Methyl-6′-amino-5-chloro-3′-methyl-2-oxo-1′-phenyl-1′H-spiro[indoline-3,4′-pyrano[2,3-c]pyrazole]-5′-carboxylate (4d) (Table 2, entry 4)
mp 224–226 °C; 1H-NMR (500 MHz, DMSO-d6): δ (ppm) 1.61 (s, 3H, CH3), 3.34 (s, 3H, OCH3), 6.88 (d, 1H, J = 10.0 Hz, Ar), 7.11 (d, 1H, J = 2.5 Hz, Ar), 7.22 (dd, 1H, J 1 = 10.0, J 2 = 2.5 Hz, Ar), 7.53 (t, 1H, J = 10.0 Hz, Ar), 7.52 (t, 2H, J = 10.0 Hz, Ar), 7.82 (d, 2H, J = 10.0 Hz, Ar), 8.21 (s, 2H, NH2), 10.66 (s, 1H, NH). 13C-NMR (125 MHz, DMSO-d6): δ 12.2, 48.3, 51.0, 74.8, 98.0, 110.7, 120.6, 124.0, 126.2, 126.9, 128.2, 129.9, 137.8, 138.2, 141.3, 144.4, 144.6, 161.8, 168.3, 179.4. Anal calcd for C22H17ClN4O4: C, 60.49; H, 3.92; Cl, 8.12; N, 12.83. Found: C, 60.18; H, 3.98; N, 12.71.

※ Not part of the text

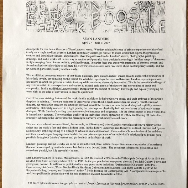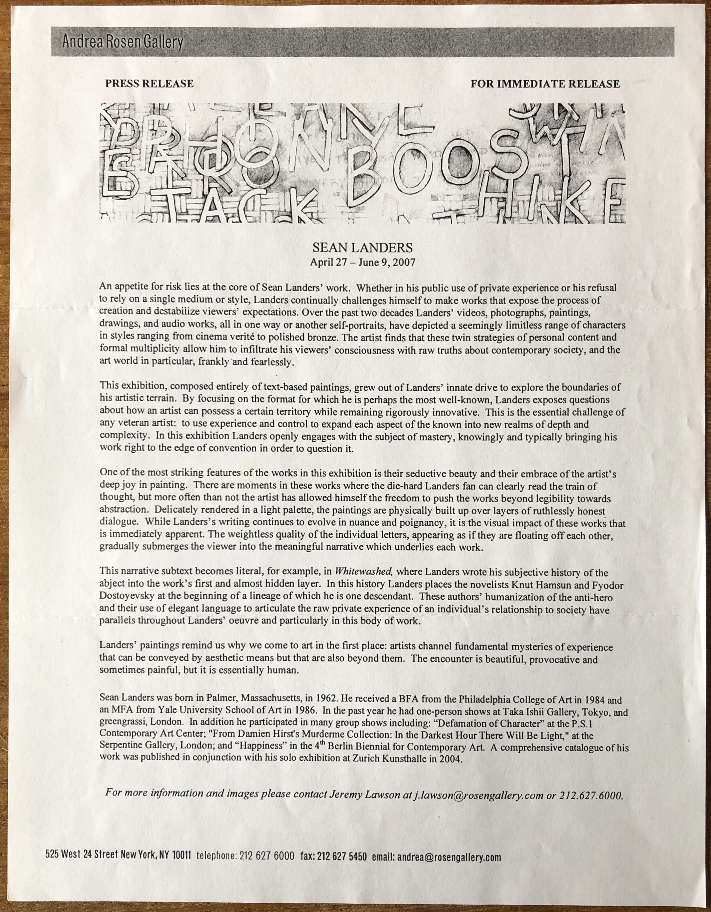 (Sean Landers). Sean Landers. Andrea Rosen Gallery, New York, April 17 – June 9, 2007

Methyl-6′-amino-5-nitro-3′-methyl-2-oxo-1′-phenyl-1′H-spiro-[indoline-3,4′-pyrano[2,3-c]pyrazole]-5′-carboxylate (4e) (Table 2, entry 5)

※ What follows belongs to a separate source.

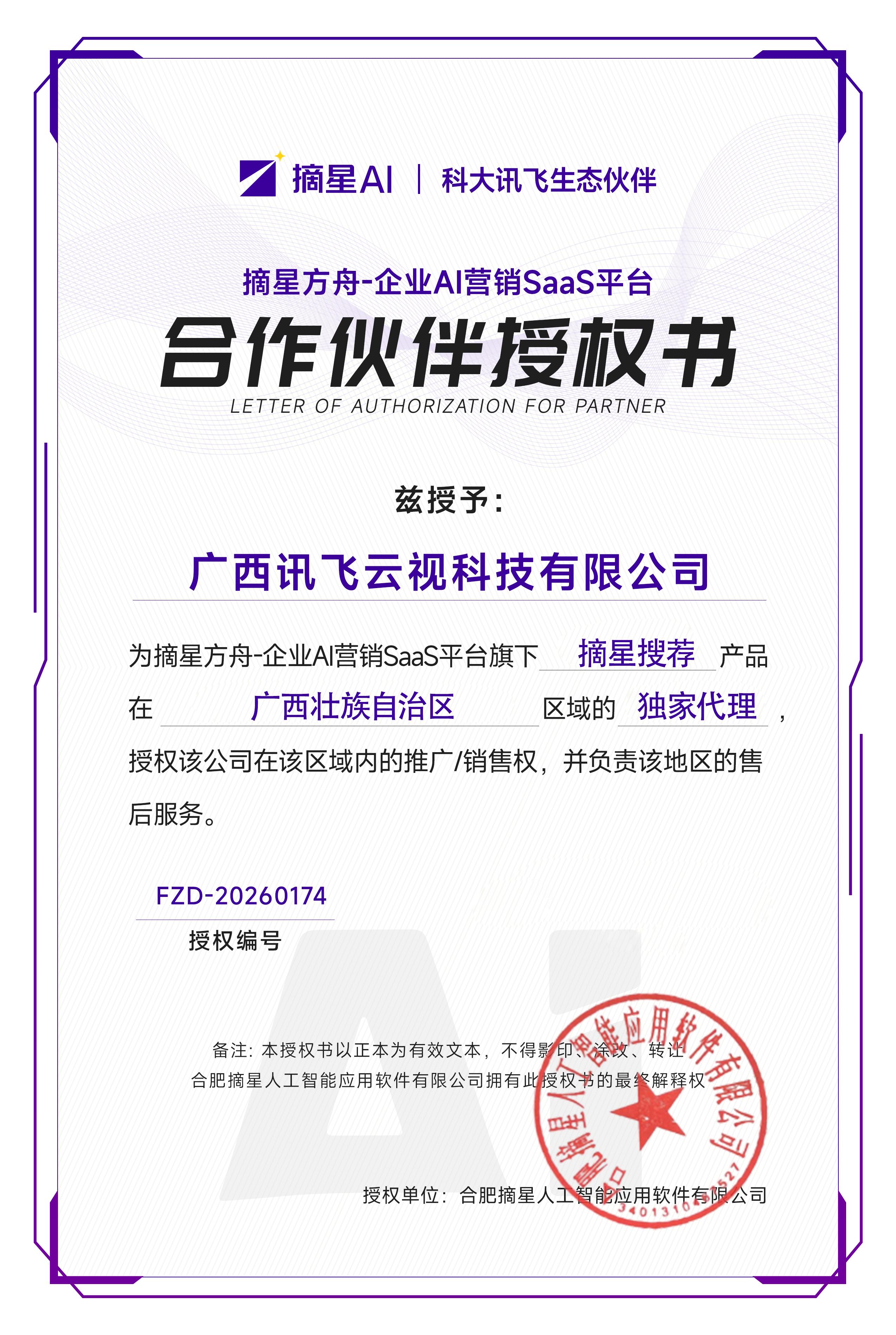 广西讯飞云视科技有限公司作为摘星AI在广西区域的独家运营机构,其相关负责人介绍,此前,在广西商贸服务业发展促进会主办的数智赋能广西“桂字号”高质量发展暨“老字号”嘉年华活动中,在广西商务厅有关领导的见证下,公司已与广西商贸服务业发展促进会签署战略合作协议,现场还得到了区内外采购商与企业代表的广泛认可。截至目前,公司已与木论思泉、臻饮、芒欢乐、花香六堡等广西知名品牌企业开展合作,帮助企业的品牌和产品实现了全域主流AI平台的权威曝光。

mp 241–243 °C. 1H-NMR (500 MHz, DMSO-d6): δ 1.61 (s, 3H, CH3), 3.33 (s, 3H, OCH3), 7.09 (d, 1H, J = 8.8 Hz, Ar), 7.36 (t, 1H, J = 7.3 Hz, Ar), 7.53 (t, 2H, J = 7.8 Hz, Ar), 7.83 (d, 2H, J = 7.8 Hz, Ar), 7.97 (d, 1H, J = 2.0 Hz, Ar), 8.18 (dd, 1H, J 1 = 8.5, J 2 = 2.2 Hz, Ar), 8.27 (s, 2H, NH2), 11.27 (s, 1H, NH).13C-NMR (125 MHz, DMSO-d6): δ 12.3, 48.2, 51.1, 74.3, 97.3, 109.6, 120.7, 125.9, 127.0, 129.4, 129.8, 137.2, 137.8, 143.0, 144.2, 144.8, 148.9, 161.9, 168.1, 180.2. Anal calcd for C22H17N5O6: C, 59.06; H, 3.83; N, 15.65. Found: C, 58.78; H, 3.90; N, 15.51.
Ethyl-6′-amino-3′-methyl-2-oxo-1′-phenyl-1′H-spiro[indoline-3,4′-pyrano[2,3-c]pyrazole]-5′-carboxylate (4f) (Table 2, entry 6)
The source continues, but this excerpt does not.